- Problem requirements
Each line below from the one containing "The Jonas Brothers" through the one containing "Visit Proof |" should be output exactly as it stands, and no other line should appear.

- Data to use
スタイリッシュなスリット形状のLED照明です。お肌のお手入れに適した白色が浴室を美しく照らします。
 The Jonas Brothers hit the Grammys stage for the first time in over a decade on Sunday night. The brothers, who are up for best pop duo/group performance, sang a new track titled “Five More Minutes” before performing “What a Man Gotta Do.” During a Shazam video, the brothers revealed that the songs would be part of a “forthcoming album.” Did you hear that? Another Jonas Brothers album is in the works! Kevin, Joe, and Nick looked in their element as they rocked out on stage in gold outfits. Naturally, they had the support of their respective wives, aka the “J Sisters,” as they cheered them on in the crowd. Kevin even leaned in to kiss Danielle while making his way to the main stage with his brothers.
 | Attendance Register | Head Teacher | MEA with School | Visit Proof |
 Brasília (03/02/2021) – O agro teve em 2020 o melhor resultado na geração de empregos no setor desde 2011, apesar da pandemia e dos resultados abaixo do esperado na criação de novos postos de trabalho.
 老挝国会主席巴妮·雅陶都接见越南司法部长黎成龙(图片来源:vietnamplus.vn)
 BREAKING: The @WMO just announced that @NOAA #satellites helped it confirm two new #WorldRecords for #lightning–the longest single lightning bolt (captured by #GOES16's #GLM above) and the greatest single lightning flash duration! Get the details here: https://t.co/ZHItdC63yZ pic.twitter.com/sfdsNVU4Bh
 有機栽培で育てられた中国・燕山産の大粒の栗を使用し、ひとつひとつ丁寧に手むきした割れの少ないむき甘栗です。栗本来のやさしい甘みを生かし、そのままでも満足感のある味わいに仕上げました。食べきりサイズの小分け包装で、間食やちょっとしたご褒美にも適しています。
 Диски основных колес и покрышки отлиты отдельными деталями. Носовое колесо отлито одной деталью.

---

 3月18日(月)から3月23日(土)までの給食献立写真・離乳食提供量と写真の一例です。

- Task output
 The Jonas Brothers hit the Grammys stage for the first time in over a decade on Sunday night. The brothers, who are up for best pop duo/group performance, sang a new track titled “Five More Minutes” before performing “What a Man Gotta Do.” During a Shazam video, the brothers revealed that the songs would be part of a “forthcoming album.” Did you hear that? Another Jonas Brothers album is in the works! Kevin, Joe, and Nick looked in their element as they rocked out on stage in gold outfits. Naturally, they had the support of their respective wives, aka the “J Sisters,” as they cheered them on in the crowd. Kevin even leaned in to kiss Danielle while making his way to the main stage with his brothers.
 | Attendance Register | Head Teacher | MEA with School | Visit Proof |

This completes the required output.